I bought these today. I will be doing food plots, a field for grazing and general land work around my place. I didn't have a ton of money to drop and ended up with these. Just wondering if anyone could give me the good, bad or ugly about them? Thanks

Woods RD 80 Harrow Disk...








And a King Kutter LR72 Landscape rake.....Not the Professional but not the Cheapis model either.....


----------



## Hoodoo Valley (Nov 14, 2006)

They'll work just fine. As with anything, if you ask more of something than it can handle, there will most certainly be an explosion and shrapnel.
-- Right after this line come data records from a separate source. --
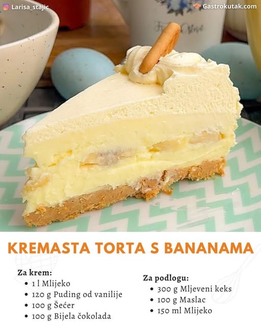 Ako tražite brz i ukusan desert koji ne zahtijeva pećnicu, ova kremasta torta s bananama je pravi izbor! Nježna puding krema s bijelom čokoladom, sloj sočnih banana i podloga od keksa čine savršen spoj okusa kojem je teško odoljeti. Ova torta je često pravi hit na obiteljskim proslavama, rođendanima i nedjeljnim ručkovima jer je jednostavna za pripremu, a izgleda kao iz vitrine najfinije slastičarnice.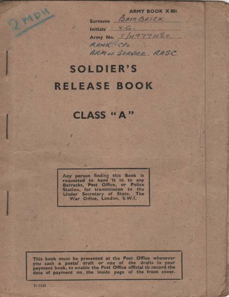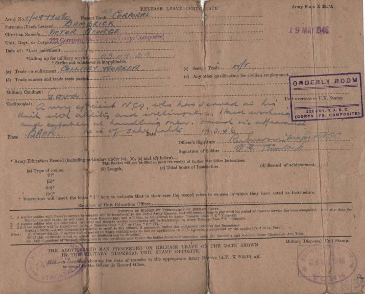 Release book for T/4977480 Corporal Victor Bambrick R.A.S.C.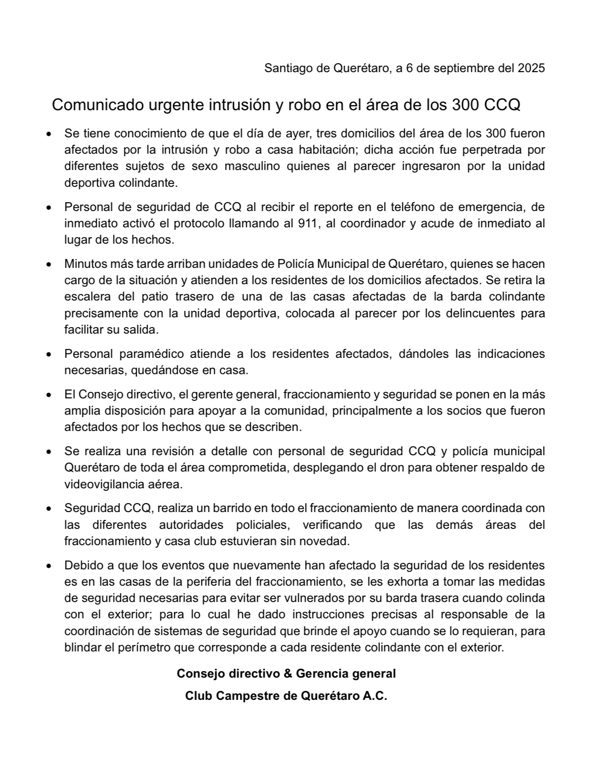 El Consejo Directivo del CCQ reconoció la preocupación de los socios tras este nuevo golpe a la seguridad y exhortó a los residentes cuyas propiedades colindan con el perímetro exterior a reforzar medidas de blindaje en sus bardas traseras, a fin de evitar ser vulnerados nuevamente.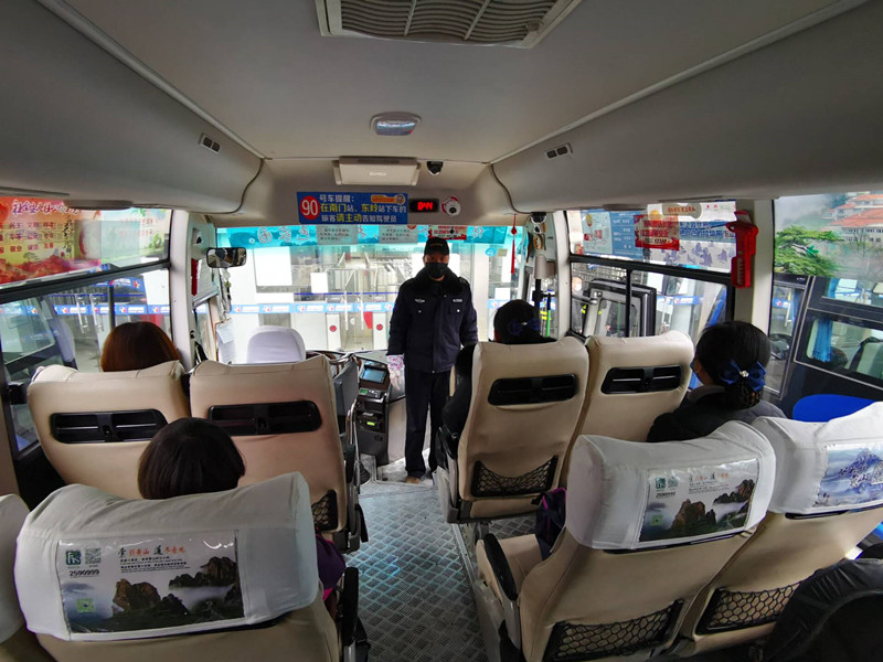 據黃山風景區南大門新國線運輸公司負責人孫健介紹,目前景區運營車輛採取每車次對全車消毒一次的方式,即所有運營車輛每運營一趟後都需進行一次消毒,確保遊客有一個安全健康的乘車環境。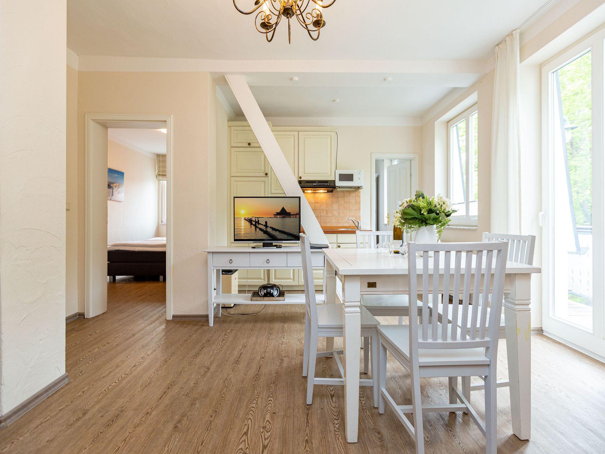 Ein Paradies mit schönen Balken, offen, licht und geschmackvoll eingerichtet erwartet Ostseeliebhaber direkt unter dem Dach der wunderschönen alten Bädervilla Amelia. Hier können Sie den Charme der Kaiserzeit noch spüren, ohne auf den modernen Komfort verzichten zu müssen. Vom großen und lichtdurchfluteten Wohnzimmer können Sie mitten hineintreten in die Usedomer Sonne. Ein Südbalkon lädt zum ausgiebigen Sonnenbaden ein. Hier können Sie auch gemütlich essen und zusammensitzen. An kühleren Tagen bietet sich dafür der schöne Esstisch in der offenen Wohnküche an. Zu der gehören alle Geräte, die zum Kochen, Backen und Zubereiten leckerer Speisen nötig sind ? inklusive erlesenem Geschirr. Auf der komfortablen Vintage-Sitzgruppe lässt es sich herrlich entspannen. Der große Flat-TV oder das Radio mit CD Player sorgen für Unterhaltung. Das Appartement 12 besitzt zwei Schlafzimmer, die Platz für bis zu vier Personen bieten. Zwei[nbsp][nbsp]Boxspringdoppelbetten verführen nicht nur zum Schlafen. Genießen Sie die Ruhe der sie umgebenden Villengegend mit viel Grün. Die Ostsee ? gerade einmal einen Steinwurf entfernt ? rauscht an manchen Tagen sanft bis in Ihre Träume. Das Zustellen eines Kinderreisebettes (ohne zusätzliche Matratze [&] Bettzeug) ist möglich. Auch können wir gegen einen Aufpreis einen Kinderhochstuhl zur Verfügung stellen. Das Badezimmer mit edlem Marmor gefliest verfügt über eine Dusche, einen Waschtisch und ein WC. Für Ihren Pkw gibt es am Haus einen Stellplatz. Das WLAN Netz im Haus kann kostenfrei genutzt werden. Bei Anreise haben wir Ihre Betten bereits bezogen und Handtücher für Sie bereit gelegt.
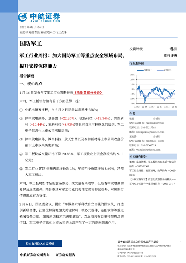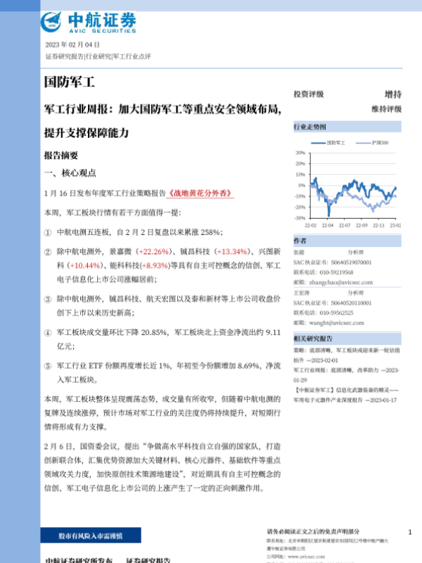 【中航证券】【20230204】军工行业周报:加大国防军工等重点安全领域布局,提升支撑保障能力-62页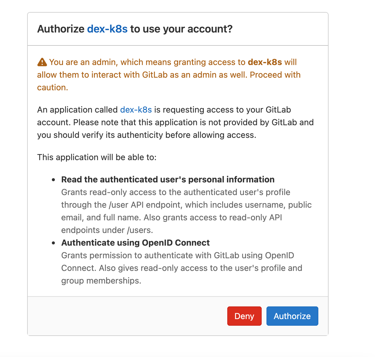 点击后会自动跳转到 Gitlab 进行认证,第一次登陆需要授权应用可以访问,这里要注意允许访问的 KubeSphere 的 Gitlab用户为 Dex 服务中定义的 Gitlab 项目组中的用户,实际中我们可以设置特定特定的项目组,将用户添加到项目组中来实现用户登陆的限制。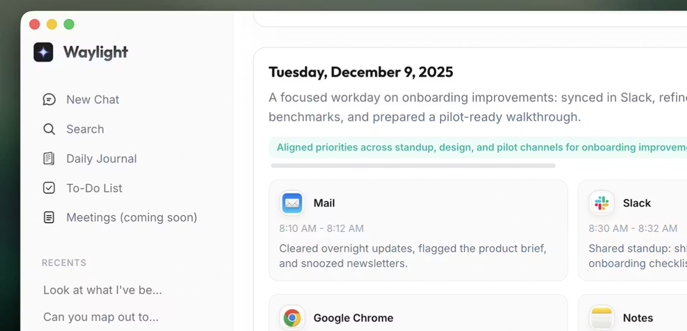 Waylight for macOS is an AI assistant that actually remembers what you do on your computer. It watches your meetings, docs, tabs and messages locally, then lets you ask what you agreed to in a call, to summarize the PDF you had open, or to find that article you were reading last week. It also builds a running to do list and daily journal from your activity, all on device, not in someone else’s cloud.

Otherwise, looking good!


----------



## Thomas (Nov 1, 2006)

They way you take good care of your equipment should last life time.

Do you plan on making drop down grader blade on the rake?


----------



## dutchs (Aug 25, 2016)

Thomas said:


> They way you take good care of your equipment should last life time.
> 
> Do you plan on making drop down grader blade on the rake?


Not sure what you mean Thomas?


----------



## Hoodoo Valley (Nov 14, 2006)

I think Thomas meant are you going to use it for grading by putting a blade on the rake? Might be wrong.


----------



## Thomas (Nov 1, 2006)

dutchs said:


> Not sure what you mean Thomas?


York for example offers combo rake grader setup comes in darn handy,if you got the tools should be easy to make.
Have you considering added set of leveling/adjustment wheels,also should be easy to install on rake.


----------



## dutchs (Aug 25, 2016)

Thomas said:


> York for example offers combo rake grader setup comes in darn handy,if you got the tools should be easy to make.
> Have you considering added set of leveling/adjustment wheels,also should be easy to install on rake.


I really haven't given it any thought but it sounds like a great idea. I'll definitely give both ideas consideration. Seems it would make the rake far more useful


----------